A faithful copy of the entries, without any pictures, is what is needed here.

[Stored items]
####

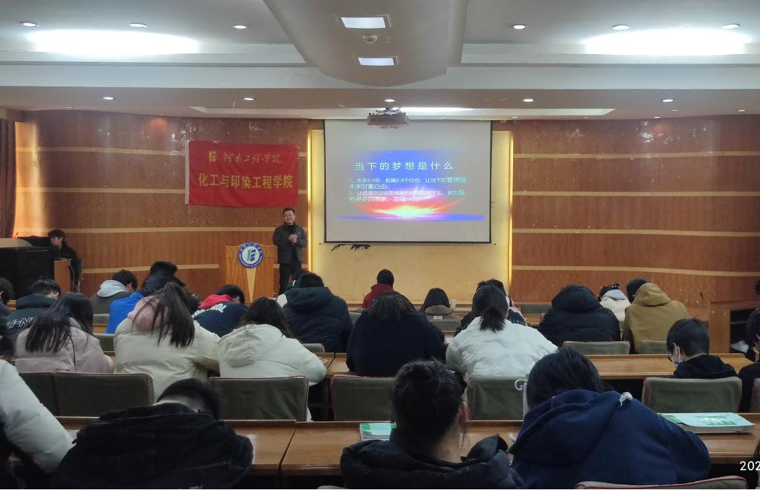 为进一步发挥优秀校友的榜样引领作用,助力学生做好职业生涯规划,12月6日上午,化工与印染工程学院邀请新葡京官网06级毕业生、河南顺通供应链董事长张志朋在桐柏校区就业报告厅举办就业创业指导讲座,学院党委副书记李萌、分团委书记游利锋、辅导员李聪聪以及150余名学生参加了此次讲座。
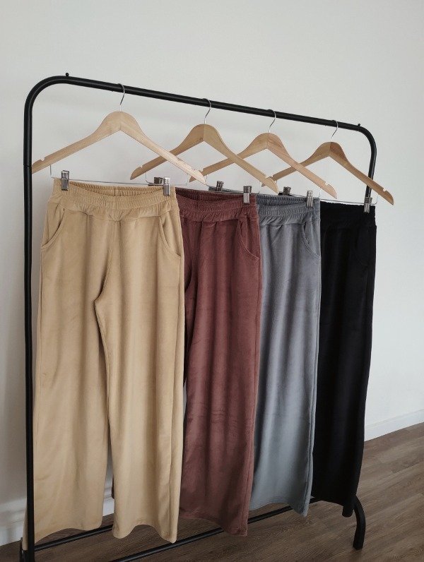 Pantalón palazzo tiro alto de plush. Con cintura elástica y caída amplia.
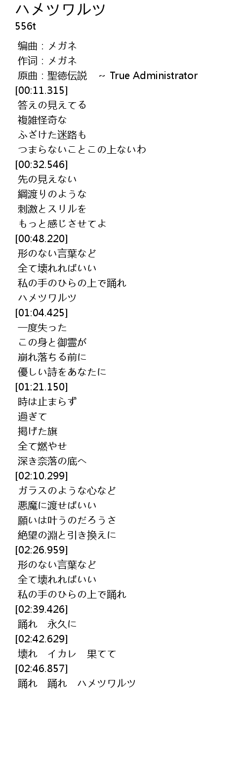 | [01:02.493] | ハメツワルツ |
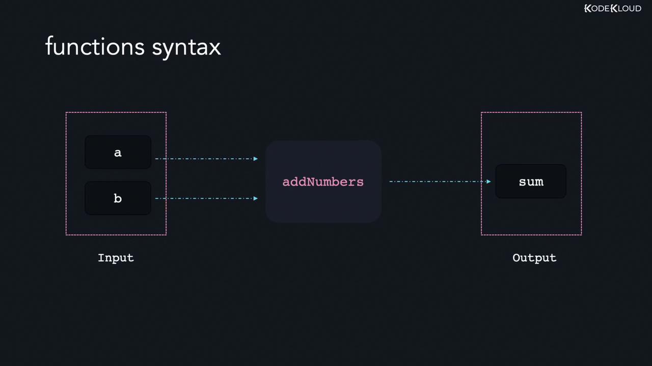 Our discussion then progressed to functions, where we learned how to create reusable blocks of code. The diagram below illustrates a typical function where inputs "a" and "b" are processed by the function "addNumbers" to produce the output "sum".
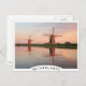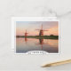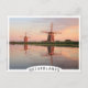 Photo postcard of two windmills along a river with reflection in the still water in the sunset light on a summer evening in the Netherlands with a white edge and the curved text 'Netherlands'.
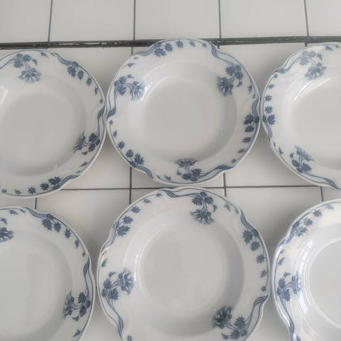 Velkommen! Vi præsenterer seks dybe tallerkener fra Meissen med motivet Blå Løg.
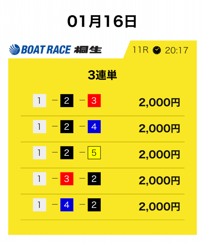 | 2025/11/16 | 桐生12R【️️️️️️】 | 3連単 | 20.1倍 | 40,200円 |
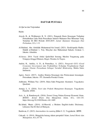 Anam, Khoirul (2023) PENGARUH CURRENT RATIO, DEBT TO EQUITY RATIO, DAN TOTAL ASSET TURNOVER TERHADAP PERTUMBUHAN LABA SERTA TINJAUANNYA DARI SUDUT PANDANG ISLAM (Studi Empiris Pada Perusahaan Sub Sektor Makanan dan Minuman Yang Terdaftar Di Bursa Efek Indonesia periode Tahun 2017-2021). Diploma thesis, Universitas YARSI.
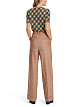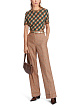 Коричневые укороченные брюки в клетку выполнены из мягкой ткани с добавлением натуральной шерсти и вискозы. Дополнены шлевками для ремня, карманами и подворотами. Стильные и элегантные брюки для деловых образов.
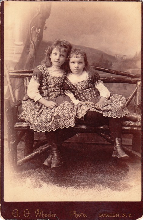 These Goshen girls are likely sisters, and they are wearing identical exquisite dresses as they pose for photographer A. G. Wheeler, in Goshen, New York. Wheeler is mentioned in the book,The Empire State: Its Industries and Wealth (1888). He is described as a native New Yorker who established his Goshen gallery in 1885. The brief biographical sketch adds that, earlier in time, he had a photographic studio in Hempstead, New York.
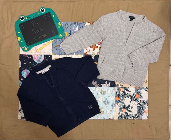 Gilets en mailles zippés Garçon Bleu marine et gris Très très bon état, ils ont étés portés qu’une ou deux fois pour des événements Marque gemo et Kiabi Gilet en maille bleu marine, Garçon Taille 24mois Marque orchestra Neuf jamais porté #vetementsgarcon #24moisgarcon #vetements24mois #tresbonetat #giletenmailles #kiabi #gemo
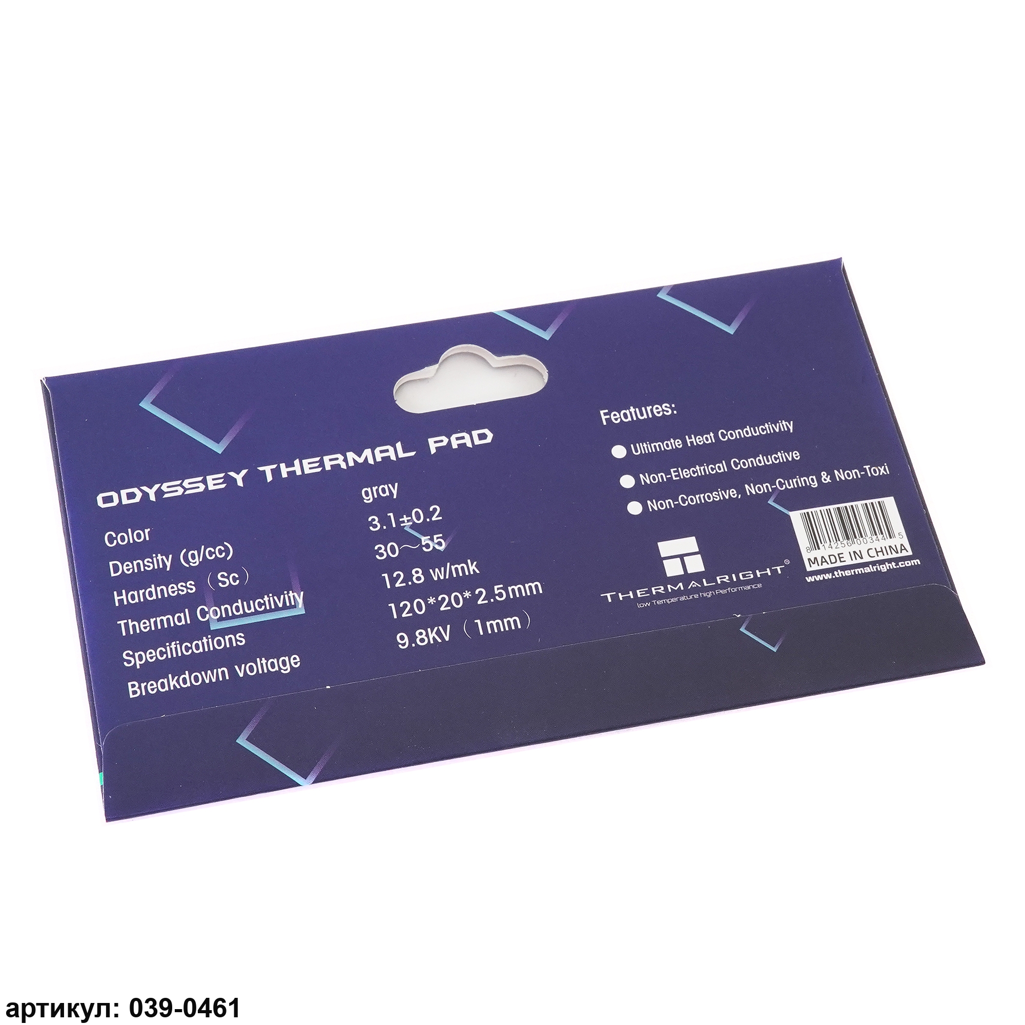 Термопроводящая прокладка размером 12 на 2 см и толщиной 2,5 миллиметра используется для передачи тепловой энергии от греющихся элементов (видеочипов, модулей памяти, процессоров и т. п.) на радиатор системы охлаждения. Термпопрокладка эластична, легко принимает любую форму и скрадывает элементы неровности двух поверхностей. Следует иметь в виду, что термопрокладки бывают разной толщины и обладают разной теплопроводностью и для каждого конкретного случая надо подбирать свою. Эффективность работы термопрокладки зависит от теплопроводности. Чем выше теплопроводность, тем лучше работает прокладка. В данном случае теплопроводность составляет 12.8 Вт/(м*К)
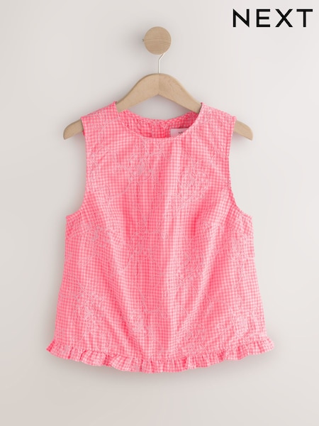 Pink/White Gingham Top With Embroidery
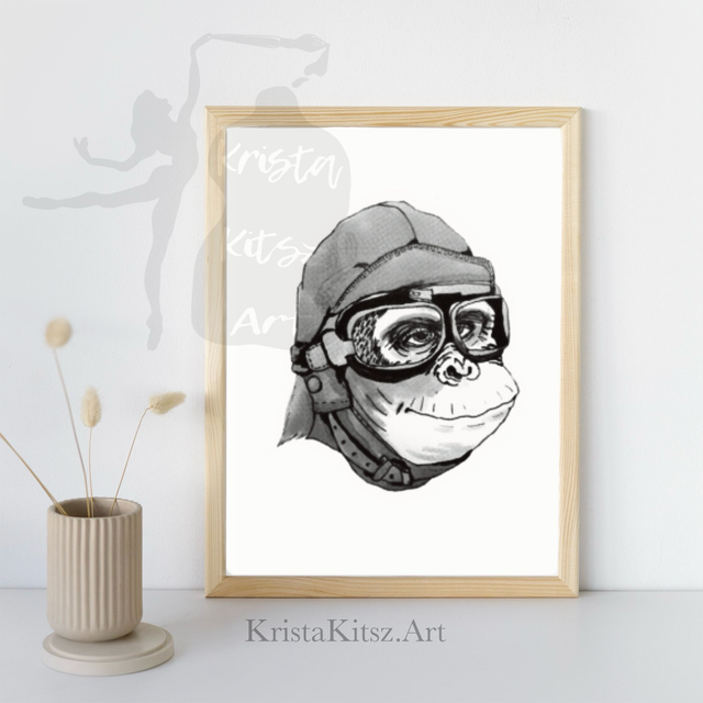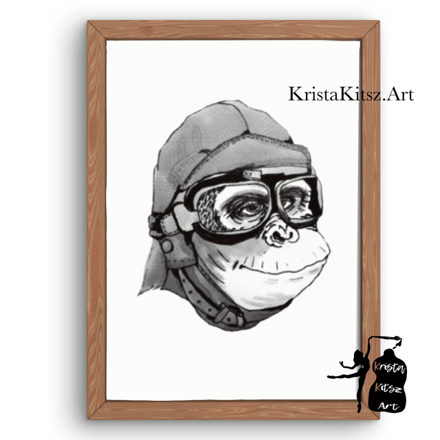 Leuke print Aapje Piloot , inkt pen tekening apenkunst van Krista Kitsz.

####

_Expected answer_
 为进一步发挥优秀校友的榜样引领作用,助力学生做好职业生涯规划,12月6日上午,化工与印染工程学院邀请新葡京官网06级毕业生、河南顺通供应链董事长张志朋在桐柏校区就业报告厅举办就业创业指导讲座,学院党委副书记李萌、分团委书记游利锋、辅导员李聪聪以及150余名学生参加了此次讲座。
 Pantalón palazzo tiro alto de plush. Con cintura elástica y caída amplia.
 | [01:02.493] | ハメツワルツ |
 Our discussion then progressed to functions, where we learned how to create reusable blocks of code. The diagram below illustrates a typical function where inputs "a" and "b" are processed by the function "addNumbers" to produce the output "sum".
 Photo postcard of two windmills along a river with reflection in the still water in the sunset light on a summer evening in the Netherlands with a white edge and the curved text 'Netherlands'.
 Velkommen! Vi præsenterer seks dybe tallerkener fra Meissen med motivet Blå Løg.
 | 2025/11/16 | 桐生12R【️️️️️️】 | 3連単 | 20.1倍 | 40,200円 |
 Anam, Khoirul (2023) PENGARUH CURRENT RATIO, DEBT TO EQUITY RATIO, DAN TOTAL ASSET TURNOVER TERHADAP PERTUMBUHAN LABA SERTA TINJAUANNYA DARI SUDUT PANDANG ISLAM (Studi Empiris Pada Perusahaan Sub Sektor Makanan dan Minuman Yang Terdaftar Di Bursa Efek Indonesia periode Tahun 2017-2021). Diploma thesis, Universitas YARSI.
 Коричневые укороченные брюки в клетку выполнены из мягкой ткани с добавлением натуральной шерсти и вискозы. Дополнены шлевками для ремня, карманами и подворотами. Стильные и элегантные брюки для деловых образов.
 These Goshen girls are likely sisters, and they are wearing identical exquisite dresses as they pose for photographer A. G. Wheeler, in Goshen, New York. Wheeler is mentioned in the book,The Empire State: Its Industries and Wealth (1888). He is described as a native New Yorker who established his Goshen gallery in 1885. The brief biographical sketch adds that, earlier in time, he had a photographic studio in Hempstead, New York.
 Gilets en mailles zippés Garçon Bleu marine et gris Très très bon état, ils ont étés portés qu’une ou deux fois pour des événements Marque gemo et Kiabi Gilet en maille bleu marine, Garçon Taille 24mois Marque orchestra Neuf jamais porté #vetementsgarcon #24moisgarcon #vetements24mois #tresbonetat #giletenmailles #kiabi #gemo
 Термопроводящая прокладка размером 12 на 2 см и толщиной 2,5 миллиметра используется для передачи тепловой энергии от греющихся элементов (видеочипов, модулей памяти, процессоров и т. п.) на радиатор системы охлаждения. Термпопрокладка эластична, легко принимает любую форму и скрадывает элементы неровности двух поверхностей. Следует иметь в виду, что термопрокладки бывают разной толщины и обладают разной теплопроводностью и для каждого конкретного случая надо подбирать свою. Эффективность работы термопрокладки зависит от теплопроводности. Чем выше теплопроводность, тем лучше работает прокладка. В данном случае теплопроводность составляет 12.8 Вт/(м*К)
 Pink/White Gingham Top With Embroidery
 Leuke print Aapje Piloot , inkt pen tekening apenkunst van Krista Kitsz.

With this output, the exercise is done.